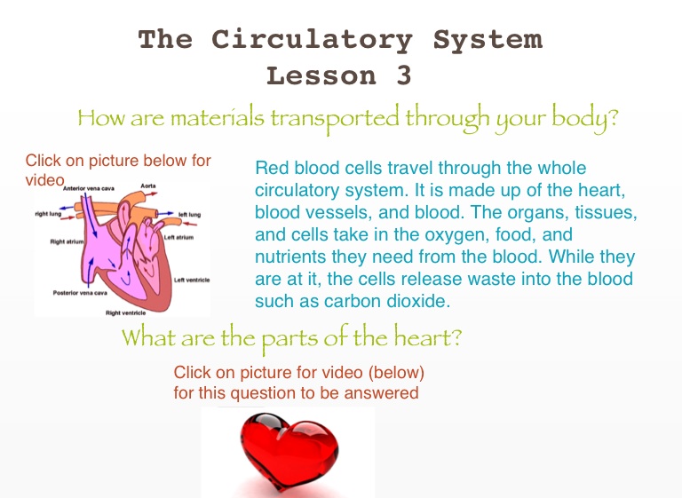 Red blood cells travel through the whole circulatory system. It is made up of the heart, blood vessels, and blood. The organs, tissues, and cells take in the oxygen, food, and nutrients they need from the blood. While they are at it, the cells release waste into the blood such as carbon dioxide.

---

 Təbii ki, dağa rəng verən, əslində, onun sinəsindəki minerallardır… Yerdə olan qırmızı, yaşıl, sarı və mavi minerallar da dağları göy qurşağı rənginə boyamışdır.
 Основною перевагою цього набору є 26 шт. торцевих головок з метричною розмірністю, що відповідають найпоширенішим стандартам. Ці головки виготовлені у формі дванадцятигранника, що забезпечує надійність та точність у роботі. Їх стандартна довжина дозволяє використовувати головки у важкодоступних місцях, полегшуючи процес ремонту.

> HOW TO COMPLETE THIS TASK:
Within the listing above, give again exactly every line from the line with "Təbii ki, dağa" through the line with "Основною перевагою цього", both included, and no other line.

> RESPONSE:
 Təbii ki, dağa rəng verən, əslində, onun sinəsindəki minerallardır… Yerdə olan qırmızı, yaşıl, sarı və mavi minerallar da dağları göy qurşağı rənginə boyamışdır.
 Основною перевагою цього набору є 26 шт. торцевих головок з метричною розмірністю, що відповідають найпоширенішим стандартам. Ці головки виготовлені у формі дванадцятигранника, що забезпечує надійність та точність у роботі. Їх стандартна довжина дозволяє використовувати головки у важкодоступних місцях, полегшуючи процес ремонту.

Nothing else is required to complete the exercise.